** TASK GOAL **
Without the pictures, repeat the listing character for character.

---- RECORDS SHOWN

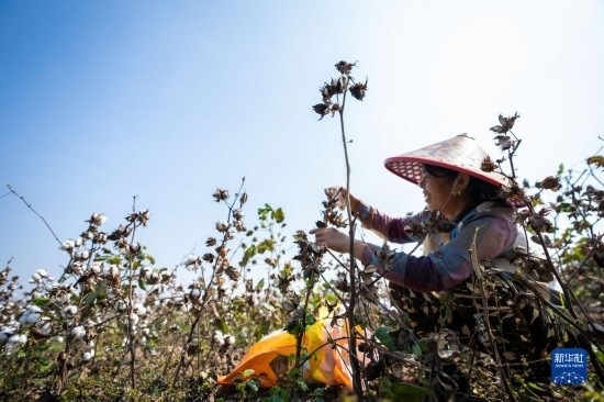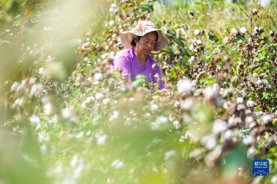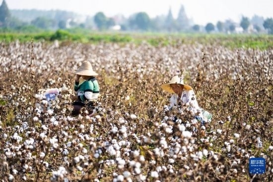 金秋十月,湖南省益陽市南縣種植的4萬余畝棉花相繼進入采收季,當(dāng)?shù)孛揶r(nóng)趁著晴好天氣采摘棉花,田間地頭一片忙碌的景象。
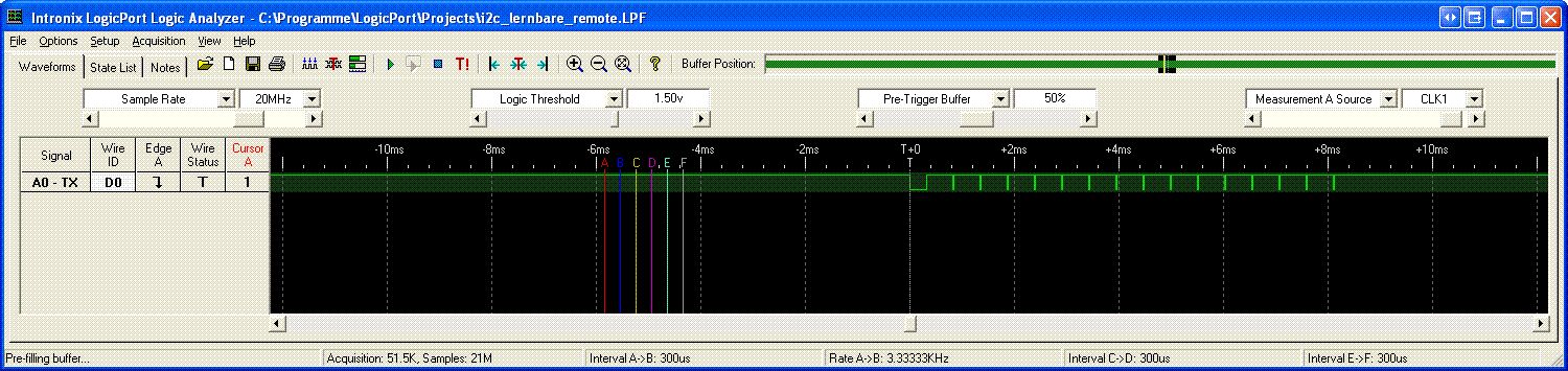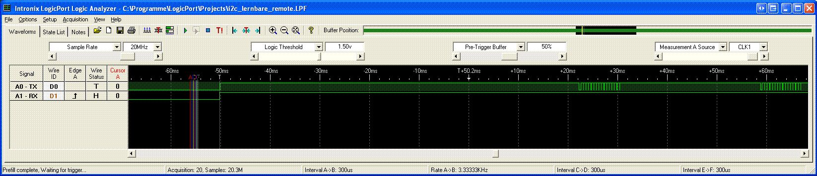 Ich habe ja auch mal testweise ganz ohen Canbus ausprobiert. Der Controller müsste doch zumindest sein SOF und 11-bit Identifier, DLC, den Inhalt und den CRC senden, bevor er auf ein ACK eines Empfängers wartet, aber selbst das wird nicht gesendet. Du siehst auf can.gif, dass er nur ein ca 300µs langes LOW singal von sich gibt und danach keine Identifier Adresse folgt... Auch nach dem Einschalten / Reset sieht das erste Signal so aus... Ich sehe es ja ein, dass er ein Arbitratiostest macht, aber dann sollte er doch alles als OK befinden, wenn TXCAN und RXCAN miteinander verbunden sind, oder nicht?
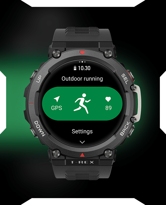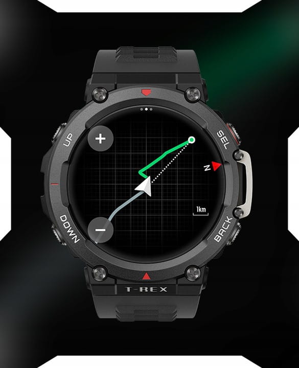 Zegarek Amazfit T-Rex 2 został wyposażony w duży ekran, który ułatwia przeglądanie danych najbardziej przydatnych podczas Twoich wędrówek - niezależnie od tego, czy świeci na Ciebie słońce pustyni, światło miejskich latarni, czy księżyc w pełni. Matowe wykończenie zegarka i zewnętrzna ramka pokryta metalicznym lakierem zostały uzupełnione o silikonowy pasek odprowadzający pot, dzięki któremu zegarek pozostaje suchy i jest wygodny w noszeniu – nawet, gdy stawiasz czoła żywiołom natury.
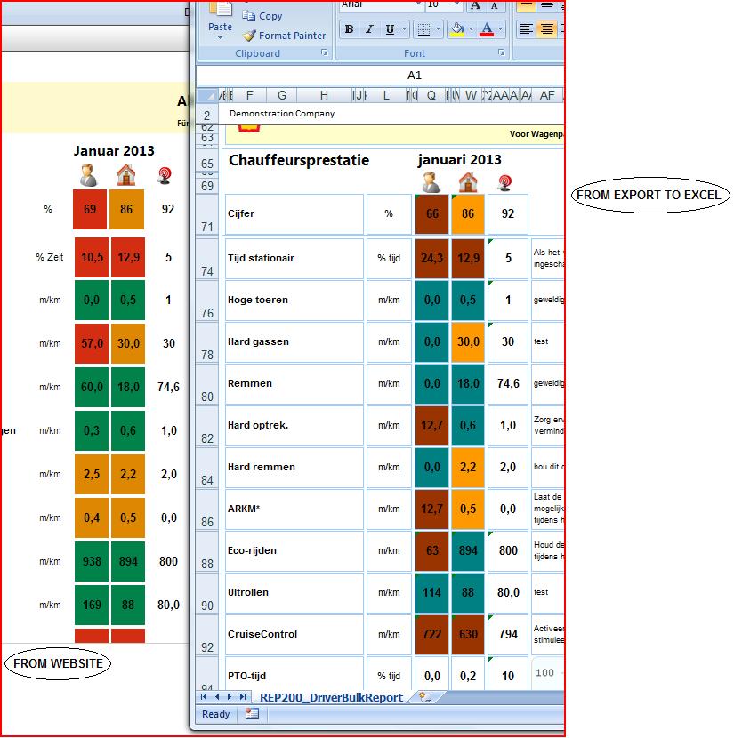 and we got another issue on same exported excel file. That is, report viewer has the following colors for RED, GREEN, YELLOW
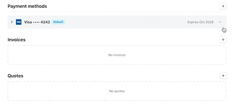Scroll to payment methods, click “… ” on right, click “Delete” and click “Remove” to delete the credit card.
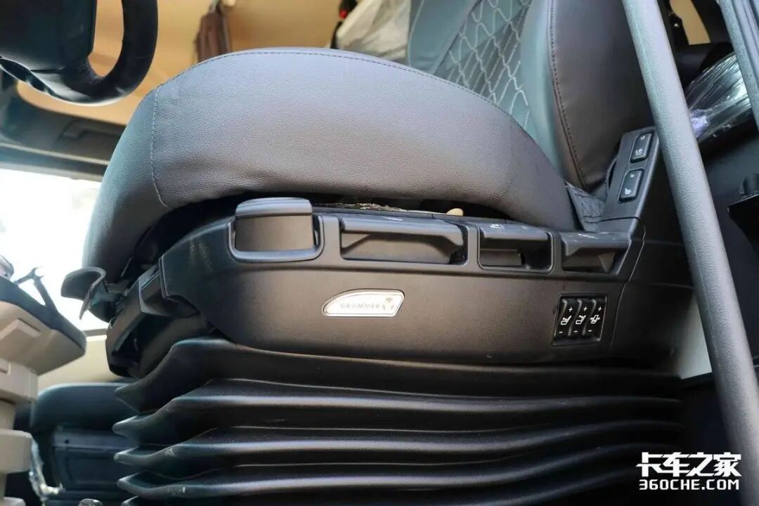 在舒适性能上,除了驾驶室气囊悬置,该车还搭载格拉默新一代座椅,支持腰部、背部支撑、仰角等的调节,以及通风加热、按摩等功能,当长途驾乘时,极大程度上可以减轻卡友们的疲劳程度。
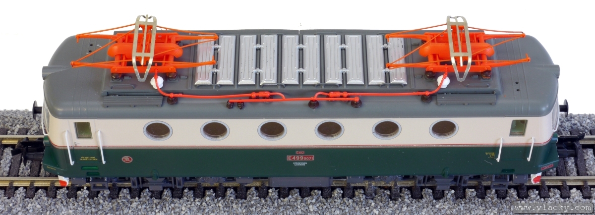 Kód   2313  [Lokomotivy] → [Elektrické] → [E499.0] → 2313: elektrická lokomotiva zelená-hráškově zelená s šedou střechou

--------

** ANSWER TO THIS PROBLEM **
 金秋十月,湖南省益陽市南縣種植的4萬余畝棉花相繼進入采收季,當(dāng)?shù)孛揶r(nóng)趁著晴好天氣采摘棉花,田間地頭一片忙碌的景象。
 Ich habe ja auch mal testweise ganz ohen Canbus ausprobiert. Der Controller müsste doch zumindest sein SOF und 11-bit Identifier, DLC, den Inhalt und den CRC senden, bevor er auf ein ACK eines Empfängers wartet, aber selbst das wird nicht gesendet. Du siehst auf can.gif, dass er nur ein ca 300µs langes LOW singal von sich gibt und danach keine Identifier Adresse folgt... Auch nach dem Einschalten / Reset sieht das erste Signal so aus... Ich sehe es ja ein, dass er ein Arbitratiostest macht, aber dann sollte er doch alles als OK befinden, wenn TXCAN und RXCAN miteinander verbunden sind, oder nicht?
 Zegarek Amazfit T-Rex 2 został wyposażony w duży ekran, który ułatwia przeglądanie danych najbardziej przydatnych podczas Twoich wędrówek - niezależnie od tego, czy świeci na Ciebie słońce pustyni, światło miejskich latarni, czy księżyc w pełni. Matowe wykończenie zegarka i zewnętrzna ramka pokryta metalicznym lakierem zostały uzupełnione o silikonowy pasek odprowadzający pot, dzięki któremu zegarek pozostaje suchy i jest wygodny w noszeniu – nawet, gdy stawiasz czoła żywiołom natury.
 and we got another issue on same exported excel file. That is, report viewer has the following colors for RED, GREEN, YELLOW
Scroll to payment methods, click “… ” on right, click “Delete” and click “Remove” to delete the credit card.
 在舒适性能上,除了驾驶室气囊悬置,该车还搭载格拉默新一代座椅,支持腰部、背部支撑、仰角等的调节,以及通风加热、按摩等功能,当长途驾乘时,极大程度上可以减轻卡友们的疲劳程度。
 Kód   2313  [Lokomotivy] → [Elektrické] → [E499.0] → 2313: elektrická lokomotiva zelená-hráškově zelená s šedou střechou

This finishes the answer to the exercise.